Your objective
Starting with the first line of the listing, quote each line exactly until and including the one with "Sous pull moutarde", leaving pictures out.

*** Data listing ***

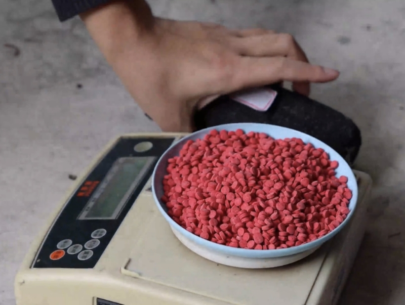 ▲收集到的毒品拿去秤重。
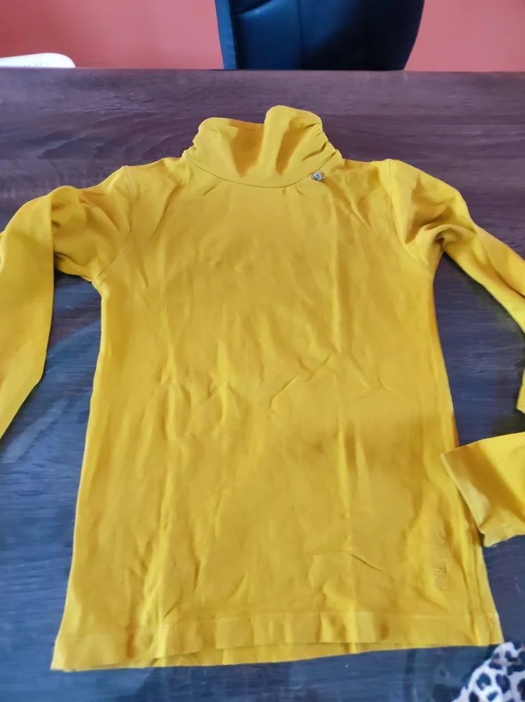 Sous pull moutarde fille – Taille 128 – JBC Très bon état juste un accroc sur bout de manches voir photo
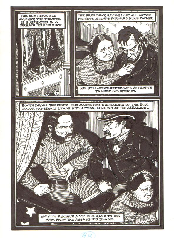 The Lincoln book is a solid read and I've recently become more curious with one of the forgotten victims of the assassination plot. Major Henry Rathbone and his wife were last minutes guests of the Lincolns that night and his life was shattered with that event. The years that followed saw his guilt, depression and PTSD-like symptoms grow into murderous rages and institutionalization. Facinating and tragic story. Geary managed to display the heroism of Rathbone to the shocking attack incredibly well in this page....
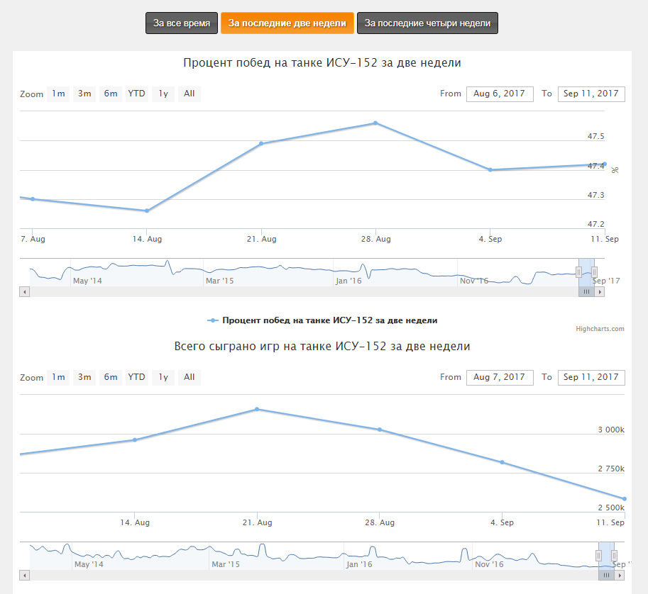 эм.. а почему на первом, более старом скрине, общее количество боев больше? или типа это количество боев "за последние четырИ недели" как указано на вот ньюс?) если так, то доверия к сайту у меня околонулевое, т.к. многие отмечают почти полное отсутствие в рандоме ИСУ, а она внезапно чаще удеса катается. 48 млеха чаще ИСУ попадается в рандоме, а боев на ней в 2 с лишним раза меньше сабжа
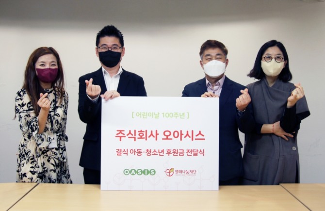 김추인 열매나눔재단 사무총장은 "우리의 미래인 아이들을 건강하게 돌볼 수 있는 지원사업을 뜻 깊은 어린이날 100주년에 오아시스마켓과 함께하게 돼서 매우 기쁘다"고 강조했다.
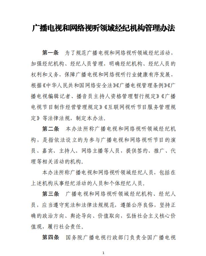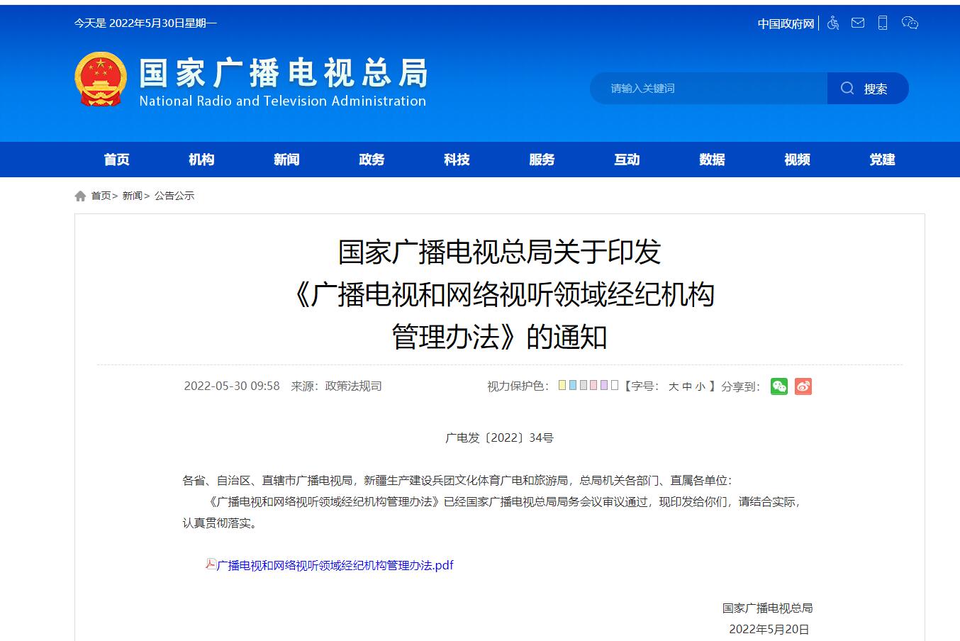 中國網北京5月30日訊 (記者 秦金月)5月30日,國家廣播電視總局印發《廣播電視和網絡視聽領域經紀機構管理辦法》(以下簡稱“《辦法》”)的通知。
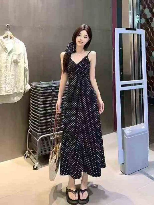 夏季新款高级感黑色波点连衣裙女宽松显瘦无袖气质法式长裙,整款单色,M-L.XL码,262件,裙长116厘米,独立包装,货品干净,7.8清,分货加1
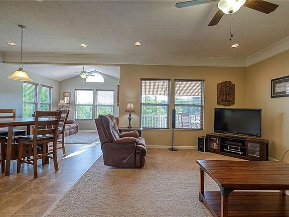 This gorgeous sprawling 3 bedroom 3 bath ranch is move in ready and exceptionally big on living space! The entry welcomes you into a wonderful open floor plan - large kitchen features ample cabinetry and counter space adjoining butlers pantry and dry bar pass through and a dining area in addition to the formal Dining Room. The multiuse Den/sitting area leads to the 20x10 deck overlooking trees and covered by a retractable awning. The lower level is simply amazing - absolutely humongous! featuring 2 separate finished areas, a bar/kitchenette area, Full bath, and additional 38x12 unfinished storage room AND a 11x10 storage garage (under the den)...walk out to the lower patio to enjoy privacy and relax! Convenient location close to shopping, restaurants, the airport and more! 1year home warranty included!
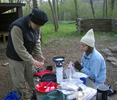 Trailside CookingRoundbottom Campground, between Dawson PA and Layton PA The Great Allegheny Passage, together with the C&O Canal Towpath, provides one of the greatest bicycle camping tour in the east. Both have free trailside campgrounds with picnic tables, water, toilet, river access, and room to set up tents. Here you can also see the Adirondack-style shelter provided at some of the campsites along the Great Allegheny Passage. |
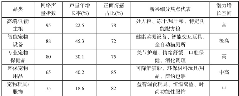 表 2:主要宠物品类热度及增长趋势分析
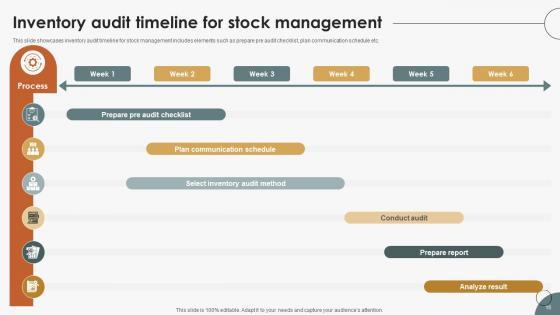This slide showcases inventory audit timeline for stock management includes elements such as prepare pre audit checklist, plan communication schedule etc. Do you have an important presentation coming up Are you looking for something that will make your presentation stand out from the rest Look no further than Boosting Efficiency In Inventory Audit Timeline For Stock Management. With our professional designs, you can trust that your presentation will pop and make delivering it a smooth process. And with Slidegeeks, you can trust that your presentation will be unique and memorable. So why wait Grab Boosting Efficiency In Inventory Audit Timeline For Stock Management today and make your presentation stand out from the rest This slide showcases inventory audit timeline for stock management includes elements such as prepare pre audit checklist, plan communication schedule etc.
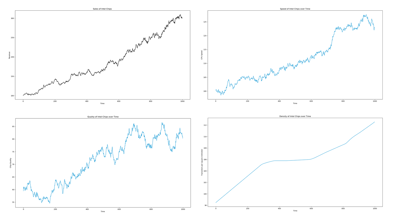Lloyd Shapley was an American Mathematician who won the Nobel-Prize in economics. One of his greatest contributions was the concept of a Shapley value in the field of cooperative game theory. Recently, econometricians have adopted Shapley values as a way to tackle multicollinearity in regressions. It is a highly peculiar approach since one can view a regression as a game between multiple independent variables X competing to see who has the greatest impact on the dependent variable Y. Consider a simple regression with 3 independent variables: $$ Y=\alpha + \beta_1 X_1 + \beta_2 X_2 + \beta_3 X_3 + \epsilon$$ The approach utilized to dealing with muticollinearity with Shapley values involves running multiple permutations of regressions to see which factors truly have the strongest influence on Y and averaging out those contributions. In our three case scenario the total number of permutations of regressions we could run is equal to the factorial of the number of our independent variables X (6): $$ Y=\alpha + \beta_1 X_1 + \epsilon$$ $$ Y=\alpha + \beta_2 X_2 + \epsilon$$ $$ Y=\alpha + \beta_3 X_3 + \epsilon$$ $$ Y=\alpha + \beta_1 X_1 + \beta_2 X_2 + \epsilon$$ $$ Y=\alpha + \beta_1 X_1 + \beta_2 X_2 + \epsilon$$ $$ Y=\alpha + \beta_2 X_2 + \beta_3 X_3 + \epsilon$$ $$ Y=\alpha + \beta_1 X_1 + \beta_2 X_2 + \beta_2 X_3 + \epsilon$$ First we would check how much each independent variable X impacts the dependent variable Y. We then check how different combinations of two variables impact Y. At the end we can check how much of an impact they all have together. This gives us our R-squared values for all of the possible ways Y can be impacted. Now we utilize the Shapley formula which can be basically expressed for econometrics as: $$ \varphi (\beta_i )=\frac {1}{!X} \sum_{coalitions \; excluding \; beta_i}\frac{marginal \; contribution \; of \; \beta_i \; to \; coalition} {number \; of \; coalitions \; excluding \; \beta_i \; i} $$ This will give us the correct beta for each independent variable. Suppose we are a chip manufacturer like Intel and we are looking to adjust our budget to allocate capital across three segments which we think drive our revenue for chip sales. We think that chip speed, chip density, and chip quality are our main factors that impact our sales. We want to figure out how much we could allocate to each department in order to get the best bang for the buck in the future. We at first construct our regression as: $$ Y_{sales} =\alpha + \beta_{s} X_{s} + \beta_{d} X_{d} + \beta_{q} X_{q} + \epsilon$$ Where s=speed, d=density, q=quality. I've generated a randomized data set for these variables and made them all drift upwards. The black graph is the dependent sales variable while the blue are the independent variables.
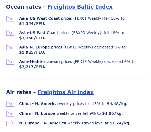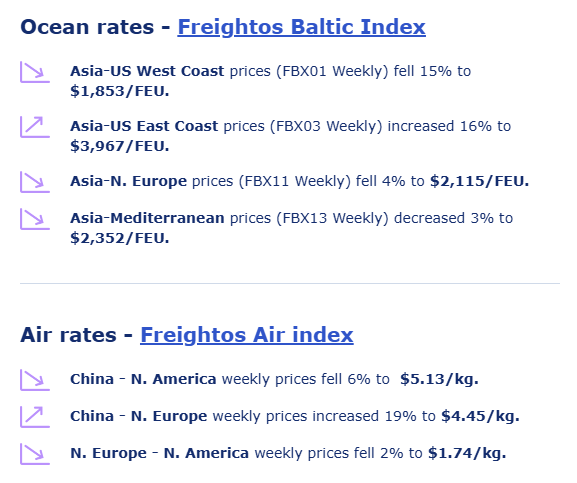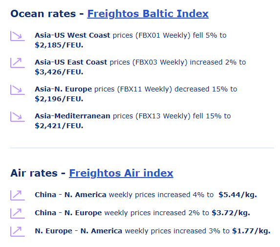 China - Europe prices fell 3% to $3.92/kg, but remain 5% higher than a month ago and about level with last October. The labor disruptions in Belgium impacting ocean freight are also causing air delays, especially to passenger flights, though so far cargo rates remain unaffected.
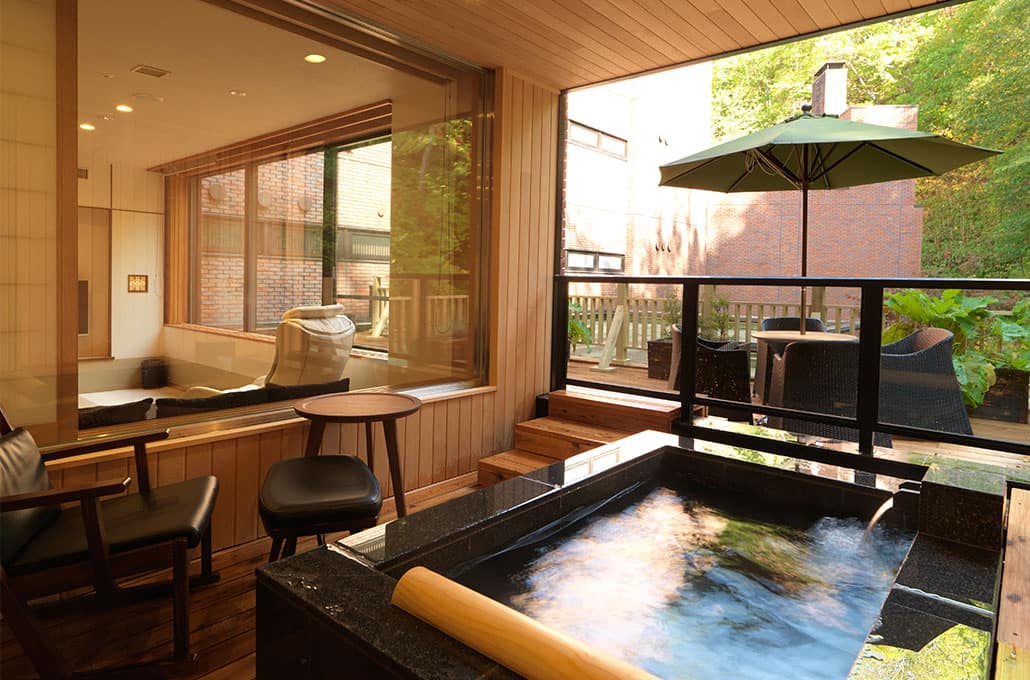 ニセコらしい自然のなかでのんびりするなら、静かな奥ニセコ昆布温泉で宿泊。JRニセコ駅から車で約15分の「ニセコ昆布温泉鶴雅別荘 杢の抄(もくのしょう)」は、木々に囲まれ、川のせせらぎに癒やされる別荘のような温泉旅館。温泉露天風呂付きの部屋で過ごせば、日常の疲れがするするとほどけていくようです。
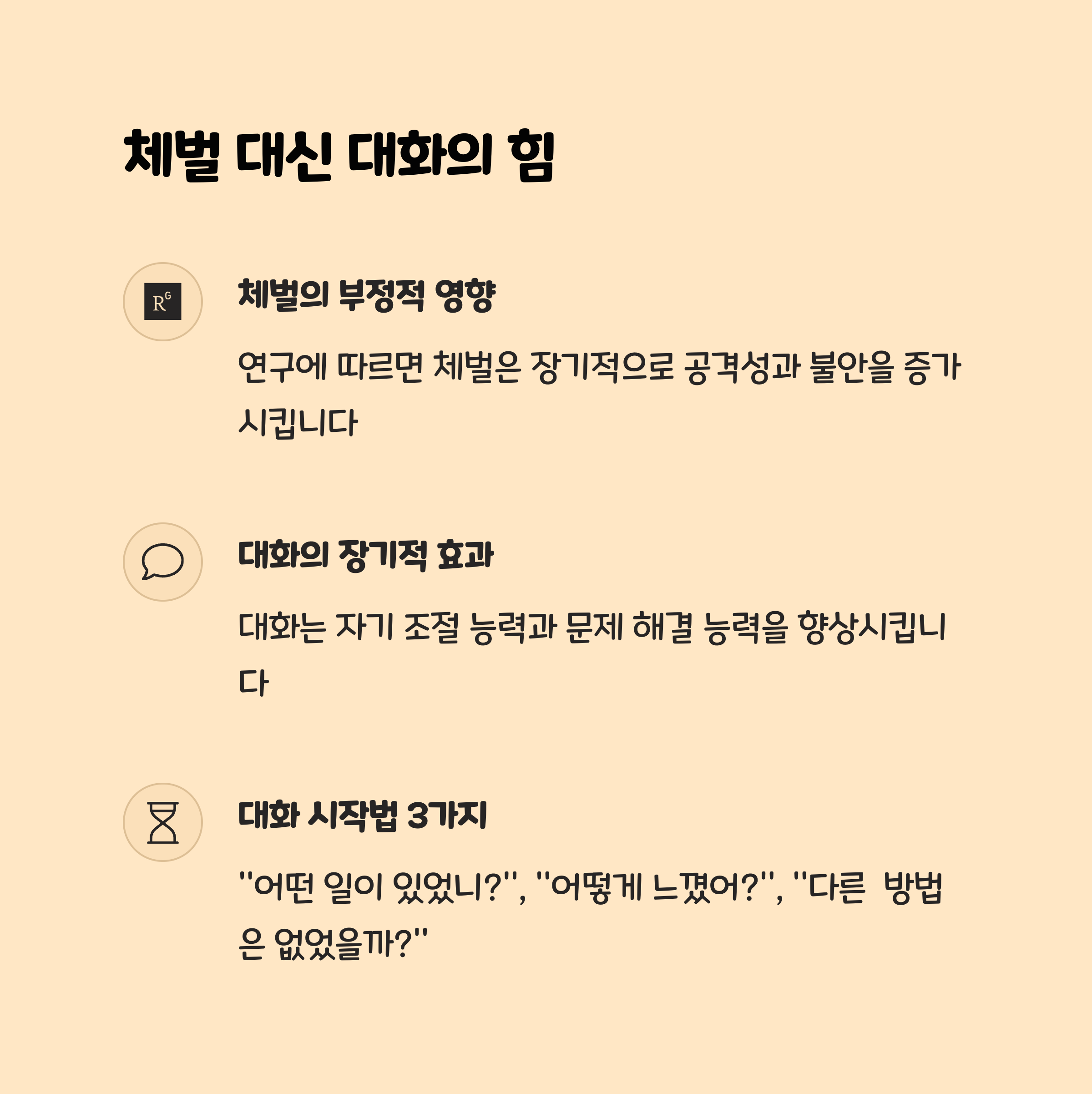 물리적 힘이나 위협은 단기적으로 효과가 있는 것처럼 보여도, 장기적으로는 아이의 자존감에 큰 상처를 남깁니다. 체벌 대신 대화와 설명, 그리고 공감으로 접근하세요.

***

Solution
 ▲收集到的毒品拿去秤重。
 Sous pull moutarde fille – Taille 128 – JBC Très bon état juste un accroc sur bout de manches voir photo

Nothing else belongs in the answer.